Get started now, these book clubs for August are coming up fast!
WORD Fiction Book Club
Saturday, August 4, 12pm
Book: Zombie by J.R. Angelella
Conversation with author and editor
Jeremy is fourteen, obsessed with zombie flicks, and struggling at school and at home. His dad disappears every night, he’s probably going to get his butt kicked weekly (if not daily) by the local jock brigade, and every time he talks to the girl of his dreams he gets a nosebleed. Angelella has written a truly surprising, frequently sinister, and very clever YA novel. 10% off.
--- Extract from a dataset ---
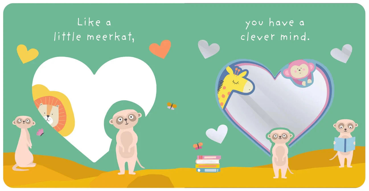 This sweet board book is designed to be enjoyed during cosy reading time between little ones and their caregivers and celebrates the beautiful message that children are loved just the way they are. Little ones will be captivated by sweet illustrations of animal friends playing with their families. Simple rhyming text will engage young readers time and time again. Graduating die-cuts lead to a mirror on the final spread that reveal the little reader’s own adorable face, inviting them to become part of the story.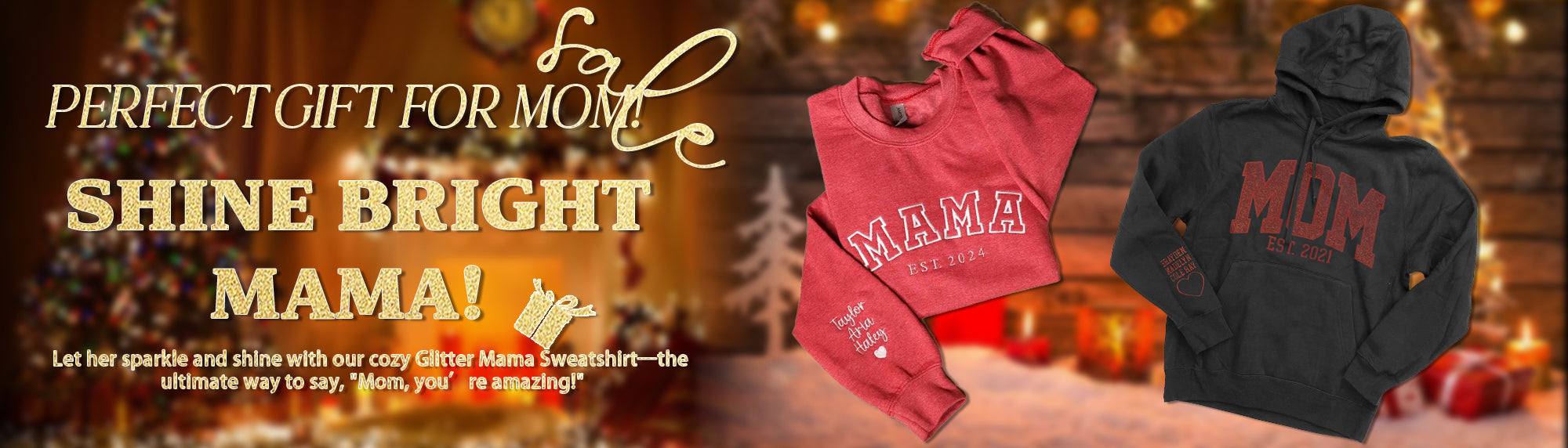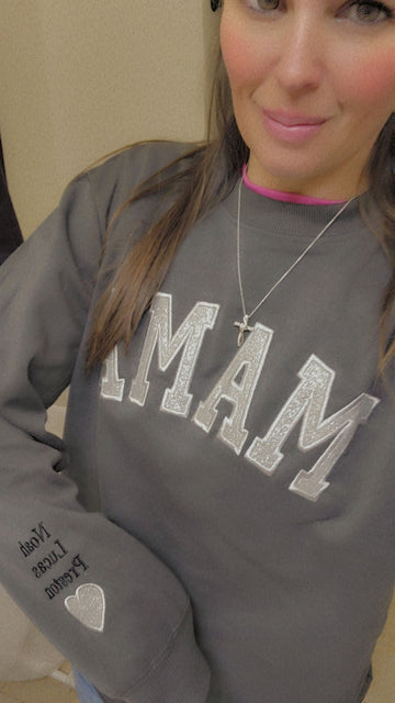 Custom Embroidered Glitter Vinyl Mama Sweatshirt

Bluestockings Feminist Book Club
Sunday, August 5 at 2:30pm
Book: Brown Girl, Brownstones by Paule Marshall
The Feminist Book Club reads and discusses feminism. We make no claims to any particular feminist platform. Rather, we rely on feminism(s). We read theoretical texts, literature and primary works. All are welcome regardless of gender, political persuasion, and familiarity. We meet on the first Sunday each month. For more information, email feministbookclubnyc@gmail.com.
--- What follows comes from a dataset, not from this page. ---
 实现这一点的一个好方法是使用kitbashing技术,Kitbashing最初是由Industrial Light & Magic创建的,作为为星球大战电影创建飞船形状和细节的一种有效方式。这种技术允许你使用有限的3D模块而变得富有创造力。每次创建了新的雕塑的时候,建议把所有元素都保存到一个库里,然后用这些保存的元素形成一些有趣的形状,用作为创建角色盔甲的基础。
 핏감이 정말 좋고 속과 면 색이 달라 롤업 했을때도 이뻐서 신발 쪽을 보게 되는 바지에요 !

McNally Jackson International Literature Book Club
Monday, August 6, 7pm (downstairs)
Book: Ghosts by Cesar Aira
On a building site of a new, luxury apartment building, visitors looked up at the strange, irregular form of the water tank that crowned the edifice, and the big parabolic dish that would supply television images to all the floors. On the edge of the dish, a sharp metallic edge on which no bird would have dared to perch, three completely naked men were sitting, with their faces turned up to the midday sun; no one saw them, of course. from GhostsGhosts is about a construction worker’s family squatting on a building site. They all see large and handsome ghosts around their quarters, but the teenage daughter is the most curious. Her questions about them become more and more heartfelt until the story reaches a critical, chilling moment when the mother realizes that her daughter’s life hangs in the balance. 10% off.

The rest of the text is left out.